Já dizia Nelson Rodrigues: “Se cada um soubesse o que o outro faz dentro de quatro paredes, ninguém se cumprimentava”. Essa sabedoria disseminada pelo escritor se mostra incontestável já que, quando o assunto é sexo, é impossível impor limites do que é “aceitável” e “saudável” ou não. O sexo é um chamado primitivo, uma evocação do seu instinto animal que clama por um gozo selvagem, é uma dança sincronizada cujo único objetivo é sentir e proporcionar prazer. Devido a tamanha subjetividade que envolve o ato, não há como gerar um manual de passo-a-passo ou estabelecer padrões a serem seguidos para chegar a esse prazer. É exatamente daí que vem a beleza da sua descoberta, daquela relação de pele, de química, que te ensandece e você não sabe explicar exatamente o porquê.
Partindo então desse princípio, me provoca revertérios quando vejo por aí um movimento de mulheres achando que só porque queimou sutiã não pode submeter-se a uma brincadeirinha de dominação na cama, mesmo quando se tem vontade. Querem encarnar a “feminista” na vida social, na cama, nas reuniões de condomínio… De maneira alguma defendo que as mulheres devem ser submissas ao homem, mas peraí: qual o problema de uma feminista ter desejos sexuais de submissão? Por que um tapa na cara consentido e, mais do que isso, desejado, pode soar como desrespeito e machismo?
Ao longo das últimas décadas, as mulheres foram protagonistas de várias conquistas importantíssimas das quais antes eram privadas. Da decisão de quando engravidar, da independência e dos direitos ao voto, ao controle do próprio corpo e à inserção no mercado de trabalho, por exemplo. Com isso, conquistamos a nossa liberdade de escolha. E acredito que escolher algo diferente de tudo aquilo que já foi conquistado não representa necessariamente um retrocesso.
Essa postura de tentar ser “feminista a todo o custo” se mostra retrógrada, já que segue o mesmo pensamento arcaico e machista da Roma Antiga.

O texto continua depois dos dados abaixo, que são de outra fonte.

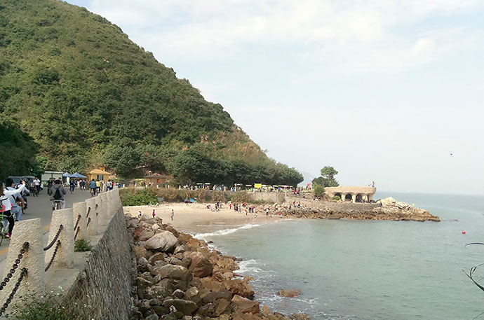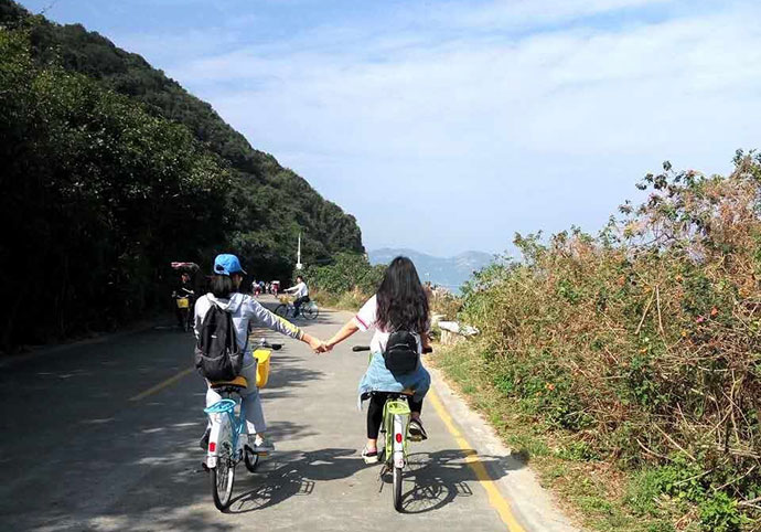 上午10:00,德立達的家人們抵達西沖楊梅坑,進行第一項騎自行車活動。蜿蜒的海邊公路,一邊是青山一邊是大海,藍天白云之下,享受迎面而來的愜意海風。

Naquela época, o sexo oral na mulher era impensável, por colocar o homem a serviço dela, já que ele precisava sempre dominar. Ou seja, antigamente uma posição social (homem macho fodão dominador) era repetida na cama (mulheres seres impróprios de receber sexo oral). Condenar uma mulher que escolhe ser submissa em relações sexuais é fazer a mesma coisa que os romanos faziam, é transportar uma posição social aos lençóis e tentar evitar que o ideal de relação igualitária proposto pelo feminismo seja quebrado na cama.
Conversando com algumas submissas no BDSM (Bondage, Disciplina, Dominação, Submissão, Sadismo e Masoquismo), pude ver que elas se sentem super feministas por ter total discernimento e liberdade ao decidir o que fazer com o próprio corpo. Elas podem até parecer passivas ali durante o ato, porém foi uma decisão delas estar lá, o que pode ou não ser feito com seus corpos e também a hora de parar.
Sendo assim, não tenha dúvidas de que mulheres submissas na cama são mais livres do que as adeptas do papai-mamãe, mas que são reféns – financeira ou moralmente – de seus maridos, namorados e companheiros. São mais livres que mulheres com pensamentos machistas, que se anulam e regulam o que vestem e com quem transam por puro temor do que os outros vão pensar. Ser feminista é muito mais que levantar uma bandeira. É ir contra a correnteza , sair do padrão, pensar fora da caixa, querer justiça e igualdade. É ir atrás de seus desejos. Por isso é, sim, possível ser dona de si própria, mesmo quando se está em um jogo de submissão.